Marine conditions dominate the Devonian successions of Devon and Cornwall (SW Britain). There, a classical example for the DCB documented in neritic facies is the Pilton Mudstone Formation of the Culm Basin. In this formation, trilobites and cephalopods are documented ranging from the late Famennian Wocklumeria to the early Tournaisian Gattendorfia ammonoid zones (e.g. Goldring 1955). Further north, where the continental character of the deposits increases, especially palynomorphs have been demonstrated to be of critical stratigraphic importance (e.g. Clayton et al. 1986; McNestry 1988). In this special issue, the contribution of Graham and Sevastopulo (2021, this issue) illustrates this facies realm widely developed in the Upper Devonian and lower Carboniferous in southern Ireland, southern Wales and southern England (e.g. Mendips).

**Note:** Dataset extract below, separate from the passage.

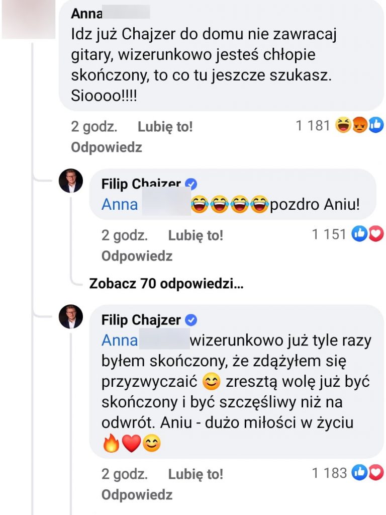 Burza pod postem Filipa Chajzera! Ostra dyskusja z internautami

Further north, in the entirely continental facies realm, a recent biostratigraphic study in Scotland (Marshall et al. 2019) demonstrates the importance for the correct placement of the DCB. These new data for the stratigraphic distribution of palynomorphs show that the Upper ORS Kinnesswood Formation is Late Devonian in age, and not early Carboniferous as previously postulated. The DCB approximates with the base of the following Ballagan Formation and its coastal wetland environments (Millward et al. 2018), in which the oldest Tournaisian miospore zone was found at its base at Burnmouth.
These new dates change the perception of the vertebrate evolution in the late Devonian and early Tournaisian. The previously postulated range extension of typical Devonian fish into the Carboniferous can be refuted with the new age of the Kinnesswood Formation. This increases the amplitude of the magnitude of the Hangenberg event for the terrestrial realm, and the DCB becomes a clear barrier in the evolution of terrestrial vertebrates. This study also shows that the Ballagan Formation comprises the entire Tournaisian, and hence the tetrapods and arthropods of this formation fill important parts of the Roemer’s Gap (Marshall et al. 2019).
France
In France, Devonian-Carboniferous successions have been documented in different tecto-sedimentary contexts in various parts of the country, north and south of the future Variscan Chain. The best-known successions in the Montagne Noire and Avesnois are treated in this special issue respectively by Feist et al. (2021, this issue) and Denayer et al. (2021, this issue).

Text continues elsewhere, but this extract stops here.